After overlaying plots it maybe important to change the plot axis ranges this can be done with xlim and ylim

python
R

xlim(0,100)
ylim(0.50,1.00)

invisible(mpl$pyplot$xlim(0,100))
invisible(mpl$pyplot$ylim(0.50,1.0))

CAC for test1.csv with two different binning

Generating data from signal detection model

Raw and processed data can be generated simply from a signal detection model.

python
R

import pyWitness
dr = pyWitness.DataRaw("test1.csv")
dr.collapseContinuousData(column = "confidence",bins = [-1,60,80,100],labels=None)
dp = dr.process()
mf = pyWitness.ModelFitIndependentObservation(dp, debug=True)
mf.setEqualVariance()
mf.fit()
dr1 = mf.generateRawData(nGenParticipants=10000)

pyw <- import("pyWitness")
dr <- pyw$DataRaw("./test1.csv")
dr$collapseContinuousData(column = "confidence",bins = c(-1,60,80,100),labels=py_none())
dp <- dr1$process()
mf <- pyw$ModelFitIndependentObservation(dp, debug=TRUE)
mf$setEqualVariance()
mf$fit()
dr1 = mf$generateRawData(nGenParticipants=10000)
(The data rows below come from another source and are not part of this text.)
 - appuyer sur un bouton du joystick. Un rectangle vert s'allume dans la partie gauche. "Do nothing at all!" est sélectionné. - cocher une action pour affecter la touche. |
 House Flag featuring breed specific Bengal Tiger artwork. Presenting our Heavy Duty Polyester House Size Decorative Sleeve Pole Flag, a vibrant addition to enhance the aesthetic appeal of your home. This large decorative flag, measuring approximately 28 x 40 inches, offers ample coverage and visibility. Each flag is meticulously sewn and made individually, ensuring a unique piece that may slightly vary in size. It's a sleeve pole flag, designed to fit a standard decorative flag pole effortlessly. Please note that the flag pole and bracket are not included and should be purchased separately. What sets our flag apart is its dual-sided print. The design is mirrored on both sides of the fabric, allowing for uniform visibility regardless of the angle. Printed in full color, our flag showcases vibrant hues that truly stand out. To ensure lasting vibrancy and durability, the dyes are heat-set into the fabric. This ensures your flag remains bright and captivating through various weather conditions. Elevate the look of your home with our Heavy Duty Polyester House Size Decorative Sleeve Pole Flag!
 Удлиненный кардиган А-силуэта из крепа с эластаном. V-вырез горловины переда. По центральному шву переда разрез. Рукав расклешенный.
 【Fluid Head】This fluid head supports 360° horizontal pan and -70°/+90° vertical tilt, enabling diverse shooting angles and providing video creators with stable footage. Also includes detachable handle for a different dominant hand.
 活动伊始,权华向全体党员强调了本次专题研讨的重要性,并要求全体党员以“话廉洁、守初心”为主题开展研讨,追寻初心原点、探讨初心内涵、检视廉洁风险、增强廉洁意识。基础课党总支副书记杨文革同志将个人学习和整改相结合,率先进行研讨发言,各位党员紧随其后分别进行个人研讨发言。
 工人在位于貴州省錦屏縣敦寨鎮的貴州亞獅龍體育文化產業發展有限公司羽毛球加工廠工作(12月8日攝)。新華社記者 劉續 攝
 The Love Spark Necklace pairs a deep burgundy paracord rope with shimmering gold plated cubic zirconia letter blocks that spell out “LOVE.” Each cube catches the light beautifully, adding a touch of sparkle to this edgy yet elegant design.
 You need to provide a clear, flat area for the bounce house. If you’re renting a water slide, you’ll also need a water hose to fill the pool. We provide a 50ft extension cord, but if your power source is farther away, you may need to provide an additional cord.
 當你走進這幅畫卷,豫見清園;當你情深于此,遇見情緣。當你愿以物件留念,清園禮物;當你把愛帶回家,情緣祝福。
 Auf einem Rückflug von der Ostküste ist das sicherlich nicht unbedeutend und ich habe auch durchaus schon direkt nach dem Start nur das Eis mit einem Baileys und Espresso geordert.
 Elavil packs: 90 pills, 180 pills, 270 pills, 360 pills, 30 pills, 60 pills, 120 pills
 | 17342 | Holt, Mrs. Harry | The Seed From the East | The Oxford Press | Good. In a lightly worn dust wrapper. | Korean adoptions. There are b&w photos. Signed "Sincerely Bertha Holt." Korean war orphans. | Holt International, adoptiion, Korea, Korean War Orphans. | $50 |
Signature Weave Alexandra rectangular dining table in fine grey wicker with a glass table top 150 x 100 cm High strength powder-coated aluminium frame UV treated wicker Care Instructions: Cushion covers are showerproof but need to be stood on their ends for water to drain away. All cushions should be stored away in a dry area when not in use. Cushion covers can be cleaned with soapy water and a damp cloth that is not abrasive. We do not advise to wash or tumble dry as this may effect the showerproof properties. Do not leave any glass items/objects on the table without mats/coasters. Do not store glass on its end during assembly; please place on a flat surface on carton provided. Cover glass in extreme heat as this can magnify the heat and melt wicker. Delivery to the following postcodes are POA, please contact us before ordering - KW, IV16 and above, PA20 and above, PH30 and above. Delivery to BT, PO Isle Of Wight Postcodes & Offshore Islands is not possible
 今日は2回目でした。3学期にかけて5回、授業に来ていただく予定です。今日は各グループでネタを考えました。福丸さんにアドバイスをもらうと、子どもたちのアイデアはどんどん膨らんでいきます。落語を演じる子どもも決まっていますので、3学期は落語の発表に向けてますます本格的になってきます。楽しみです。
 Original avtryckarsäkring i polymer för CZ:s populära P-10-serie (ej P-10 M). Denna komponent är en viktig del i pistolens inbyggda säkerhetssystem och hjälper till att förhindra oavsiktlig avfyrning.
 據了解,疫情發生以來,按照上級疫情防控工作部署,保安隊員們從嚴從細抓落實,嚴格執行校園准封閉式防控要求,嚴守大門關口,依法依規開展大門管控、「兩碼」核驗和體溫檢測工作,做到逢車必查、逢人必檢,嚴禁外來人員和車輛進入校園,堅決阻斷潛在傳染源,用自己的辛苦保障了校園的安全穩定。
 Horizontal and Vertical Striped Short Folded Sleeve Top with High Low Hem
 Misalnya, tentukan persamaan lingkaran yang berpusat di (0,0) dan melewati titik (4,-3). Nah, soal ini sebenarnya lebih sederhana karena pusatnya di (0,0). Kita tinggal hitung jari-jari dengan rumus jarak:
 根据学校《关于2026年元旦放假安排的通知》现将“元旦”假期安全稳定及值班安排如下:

dr1 is a DataRaw object and is simulated data for 10,000 participants. dr1 can be used for any pyWitness analysis so ROC, CAC, pAUC, etc. The raw data can also be written to disk to either preserve and/or share with colleagues.

python
R

dr1.writeCsv("fileName.csv")
dr1.writeExcel("fileName.xlsx")

dr1$writeCsv("./fileName.csv")
dr1$writeExcel("./fileName.xlsx")

Having performed a fit on dr and generated dr1 a synthetic dataset

python
R

# Need to process the synthetic data
dp1 = dr1.process()

# calculate uncertainties using bootstrap
dp.calculateConfidenceBootstrap()
dp1.calculateConfidenceBootstrap()

# plot ROCs
dp.plotROC(label="Experimental data")
dp1.plotROC(label="Simulated data")
mf.plotROC(label="Model fit")

import matplotlib.pyplot as _plt
_plt.legend()

# Need to process the synthetic data
dp1 <- dr1$process()

# calculate uncertainties using bootstrap
dp$calculateConfidenceBootstrap()
dp1$calculateConfidenceBootstrap()

# plot ROCs
dp$plotROC(label="Experimental data")
dp1$plotROC(label="Simulated data")
mf$plotROC(label="Model fit")

mpl$pyplot$legend()
mpl$pyplot$show()

Power analysis

By having the ability to generate data from a model it is possible to vary the number of generated participants. This is not too dissimilar to bootstrapping. Instead of generating new samples (with replacement) from the data, new samples with variable numbers of participants is possible. For each sample all the analysis can be performed and dependence on sample size can be explored.

python
R

for nGen in numpy.linspace(500, 5000, 9+1) :
    drSimulated = mf.generateRawData(nGenParticipants = nGen)
    dpSimulated = drSimulated.process()
    dpSimulated.calculateConfidenceBootstrap(nBootstraps=2000)
    print(nGen, dpSimulated.liberalTargetAbsentSuspectId,dpSimulated.pAUC, dpSimulated.pAUC_low, dpSimulated.pAUC_high)

for (nGen in list(500,1000,1500)) {
    drSimulated <- mf$generateRawData(nGenParticipants = nGen)
    dpSimulated <- drSimulated$process()
    dpSimulated$calculateConfidenceBootstrap(nBootstraps=as.integer(2000))
    print(nGen, dpSimulated$liberalTargetAbsentSuspectId,dpSimulated$pAUC, dpSimulated$pAUC_low, dpSimulated$pAUC_high)
}